What is the problem we are trying to solve with artificial intelligence?

The use of intelligent tools and technologies is, of course, nothing new in the investigations world. We have been using tried and tested tools effectively for a number of years, in particular through review platforms, supplemented with tools that look at documents more intelligently – context searching, relationship mapping, and so on. The benefits they have brought mean that we can conduct investigations more quickly, efficiently and consistently.

However, we are operating in an increasingly data-heavy, data-driven world, with the regulatory environment creating more complexity and an exponentially increasing volume of data. Even with our existing intelligent methods of review, investigations can take too long and be too expensive for our clients using our current methods. Aligned to its "buzz", our clients also want to know how we are using AI to help them reduce costs.

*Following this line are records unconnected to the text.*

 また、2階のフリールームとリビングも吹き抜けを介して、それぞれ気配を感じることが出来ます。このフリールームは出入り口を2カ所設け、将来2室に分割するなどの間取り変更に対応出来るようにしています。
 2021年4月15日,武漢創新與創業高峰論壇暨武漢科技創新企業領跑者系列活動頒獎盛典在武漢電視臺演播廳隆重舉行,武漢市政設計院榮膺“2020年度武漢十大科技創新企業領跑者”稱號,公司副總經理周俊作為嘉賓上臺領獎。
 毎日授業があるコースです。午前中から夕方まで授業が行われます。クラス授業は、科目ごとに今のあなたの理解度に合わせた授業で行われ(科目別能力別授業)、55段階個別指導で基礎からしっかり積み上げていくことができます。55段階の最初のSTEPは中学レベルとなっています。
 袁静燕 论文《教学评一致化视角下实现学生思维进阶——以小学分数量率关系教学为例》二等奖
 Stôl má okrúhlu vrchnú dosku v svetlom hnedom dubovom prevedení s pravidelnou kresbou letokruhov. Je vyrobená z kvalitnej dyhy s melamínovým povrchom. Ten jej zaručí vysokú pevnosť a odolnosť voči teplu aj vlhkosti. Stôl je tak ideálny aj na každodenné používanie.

We therefore need to find smarter ways to analyse and interpret the data that we have and find ways to embed the use of AI – either to get to key data more quickly or to make use of the more visual, interactive nature of these tools – helping them translate better to their users and their audience.

Case study: how can GenAI help investigators?

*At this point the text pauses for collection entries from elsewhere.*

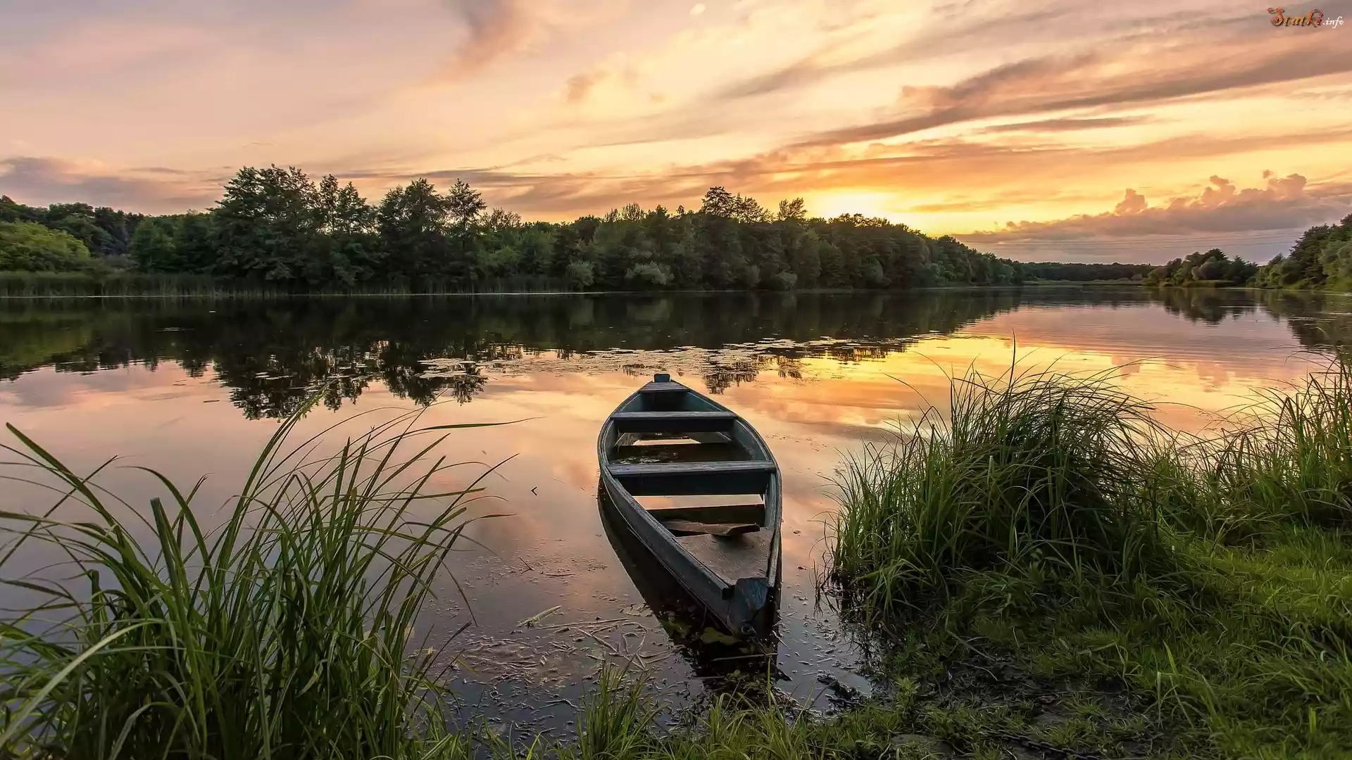 Rzeka, Łódka, Zachód słońca, Trawa, Drzewa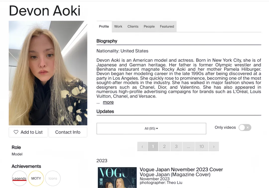 2024 年,她被业界最权威的模特排行榜 Models.com 评为“Legends 传奇超模”,也是这一榜单中,唯一拥有东方血统的模特。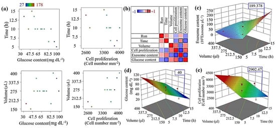 Response Surface Methodology (RSM) for mathematical modeling and optimization of Glioblastoma cell culture in the micro-bioreactor. Two variables, volume of exchange medium and interval time of medium renewal, which govern the feed rate (volume/time) have been hired as variables in RSM to optimize three responses, exosome content, glucose content, and cell proliferation. (a) The correlation between variables changes and responses in study points. (b) Exosome content sensitivity analysis correlated to the other variables and responses. (c–e) Exosome content, Glucose content, and cell proliferation models in the microbioreactor cell culture. The ratio between maximum and minimum cell number is 1.48 which shows a limited effect of culture condition on cell growth rate. The ratio of max to min for exosome content is 6.6 which is significantly higher than the cell proliferation ratio. The ratio of maximum to minimum for Glucose content is 2.8 which shows the constraint effect of the parameter in culture condition. Therefore, glucose concentration below 40 mg/dL is not allowed in the incubation period.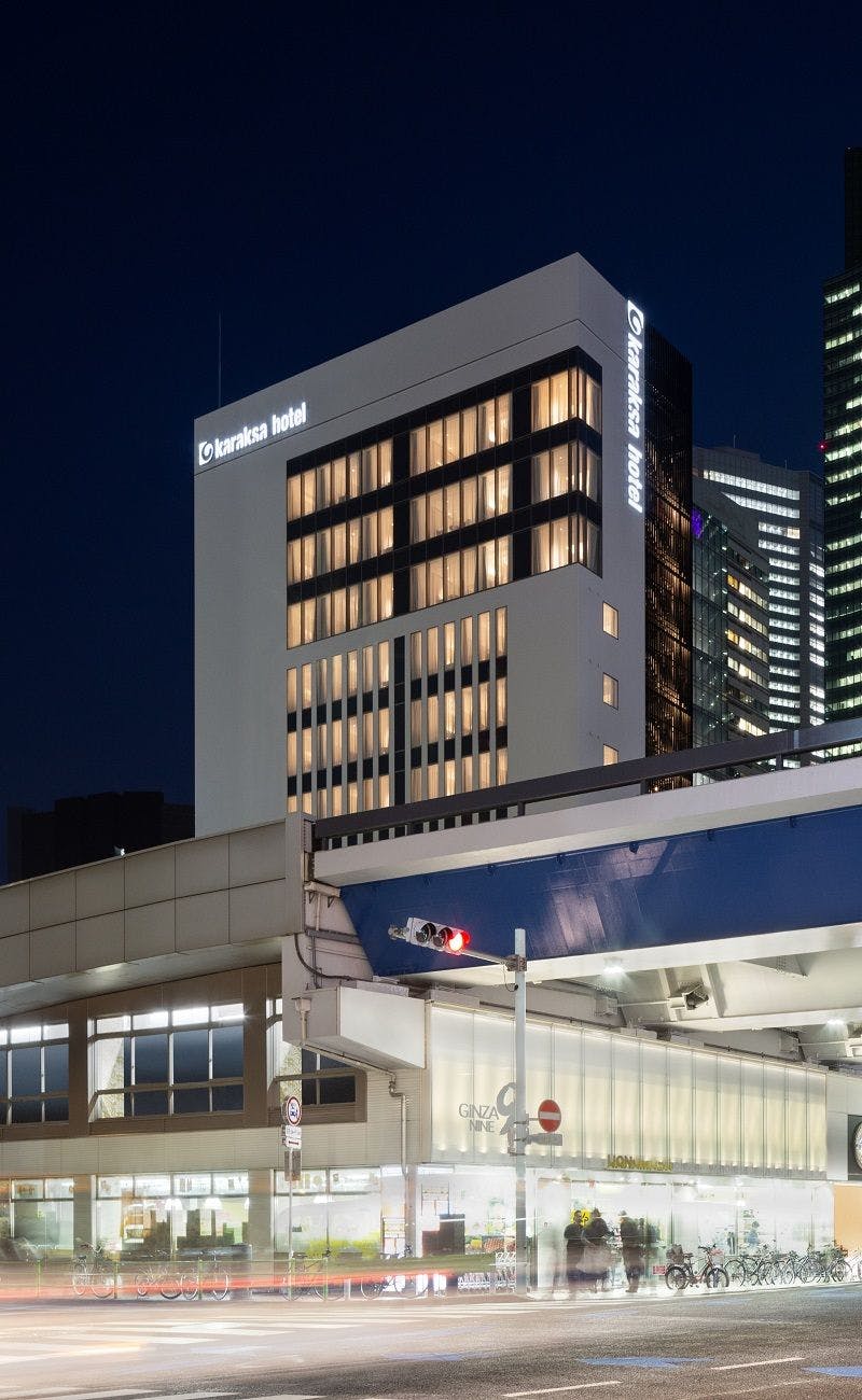 徒歩で銀座駅まで10分、新橋駅まで6分。宿泊者専用の2階ラウンジではワインがお一人様2杯まで無料。Serta製特注マットレスではごゆっくりお休み頂けます。

Last year, we worked on an investigation into a recently acquired company and a potentially fraudulent EBITDA calculation. Like many investigations, documentary evidence was key to establishing the facts, but in this instance we had over two million "relevant" documents to digest, in multiple languages and formats. In addition, we had more than 2,000 pages of expert reports to consider.

As described above, we have a suite of robust, reliable tools that we use for situations of this kind, and we deployed those tools on this matter too. However, we noted fairly quickly that the sheer volume of documents – and the complexity of the matter – made answering relatively simple questions (e.g., "What role did person X have?") difficult to get our arms around. Given the rise of large language models (LLMs) such as ChatGPT, many of our team wished we had an equivalent tool that could be used to ask questions of our pile of documents in a similar fashion.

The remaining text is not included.